The Passing Chronicles: Self-Scouting on the Bye Week

Dusty takes the bye week to look at some of the major passing concepts the Packers leaned on in 2021

Hello! Apologies for the delay this week. As you know, the Packers had a bye week, which means I had a tougher time kicking myself into gear for writing than I had anticipated. But we’re here now, and that’s all that matters.
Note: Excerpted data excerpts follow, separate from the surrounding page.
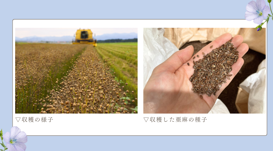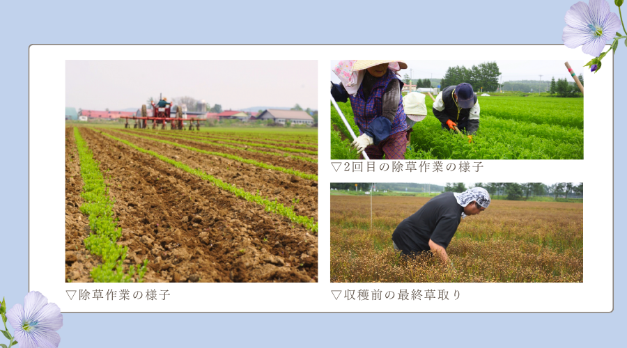 身体や健康を想い亜麻仁オイルを食べる人のことを想い、私たちも極力農薬を使わずに機械や人間の手を使って、健全で安心な高品質の亜麻を作っています。
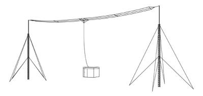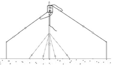 这种悬挂架设方式提供标准的3600全方位辐射,适用于中心站对不同方向分站的通信,并兼顾了水平极化液和垂直极化液,对使用水平天线的固定台和使用垂直鞭天线的车载台或背负台都有很好效果。天线长度为30米时,中央支架高15米。两则支架高2米,间距18米。
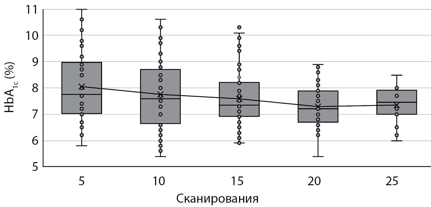 В исследовании J. Suzuki и соавт. [11] у 85 детей с СД1 была выявлена положительная корреляция частоты сканирований с продолжительностью времени в целевом диапазоне (r=0,719; P<0,0001) и обратная корреляция с временем выше диапазона (r=-0,743; P<0,0001), средним уровнем глюкозы и уровнем HbA1c и расчетным значением HbA1c (r=-0,765, -0,815, -0,793 соответственно, p<0,0001).
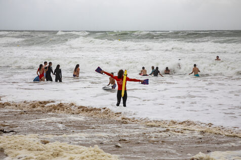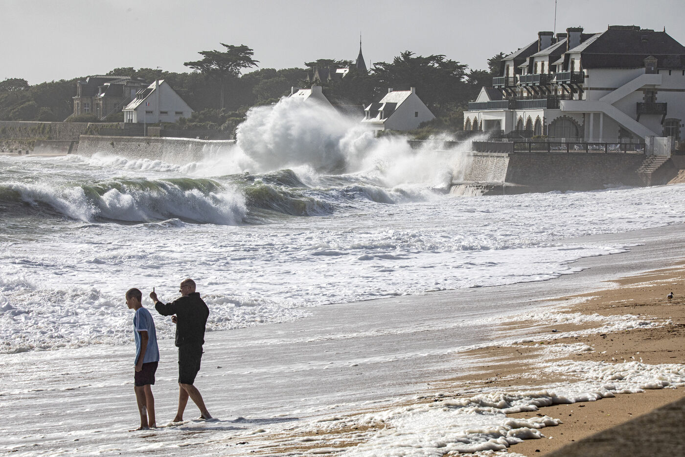 France, Batz-sur-Mer - 2023-08-03. Storm Patricia in northwestern France had repercussions in the Loire-Atlantique region, with very high swells and wind, particularly on the Côte sauvage from Batz-sur-Mer to Le Croisic. Photo Caroline Paux / Hans Lucas.
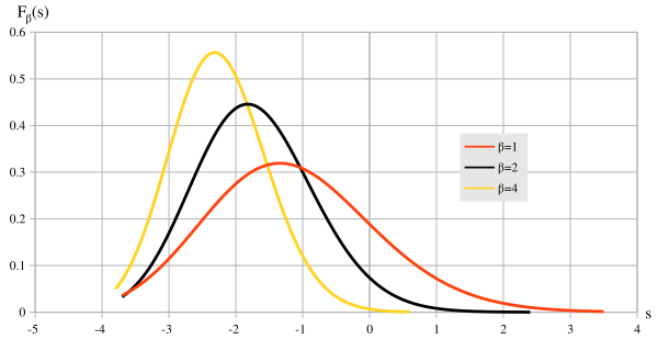 где — наибольшее собственное число случайной матрицы стандартного (для компонентов матрицы ) гауссова ансамбля: при β=1 — ортогонального, при β=2 — унитарного, при β=4 — симплектического. Сдвиг используется, чтобы центрировать распределение в точке 0. Множитель используется, поскольку стандартное отклонение распределения масштабируется как .

Since Week 3 this year (the 49ers game), I’ve been charting every passing dropback and noting the general concept the Packers used. This week, we’re diving into weeks 3-12 and seeing what worked, what didn’t, and what that could mean going forward. (For those asking “why not all 12 weeks,” it’s because I didn’t really start charting this way until week 3 and I haven’t had the time to chart the first 2 weeks. Please forgive me.)

Let’s get rolling.

I’ve got entirely too much data and not all of it feels compelling enough to write about. Who wants to see all the plays that were run once but weren’t successful? Maybe it’s you, but that feels like a reach. So instead we’re going to look at some of the concepts the Packers have really leaned on this year and see how they did with them.

To the surprise of absolutely nobody, RPO reigns supreme. They have thrown the ball on RPOs 2.3 times per game, averaging 4.6 yards per attempt. And, while I haven’t charted the specific kind of RPO, I can tell you with the utmost certainty that they are all off the bubble WR screen variety.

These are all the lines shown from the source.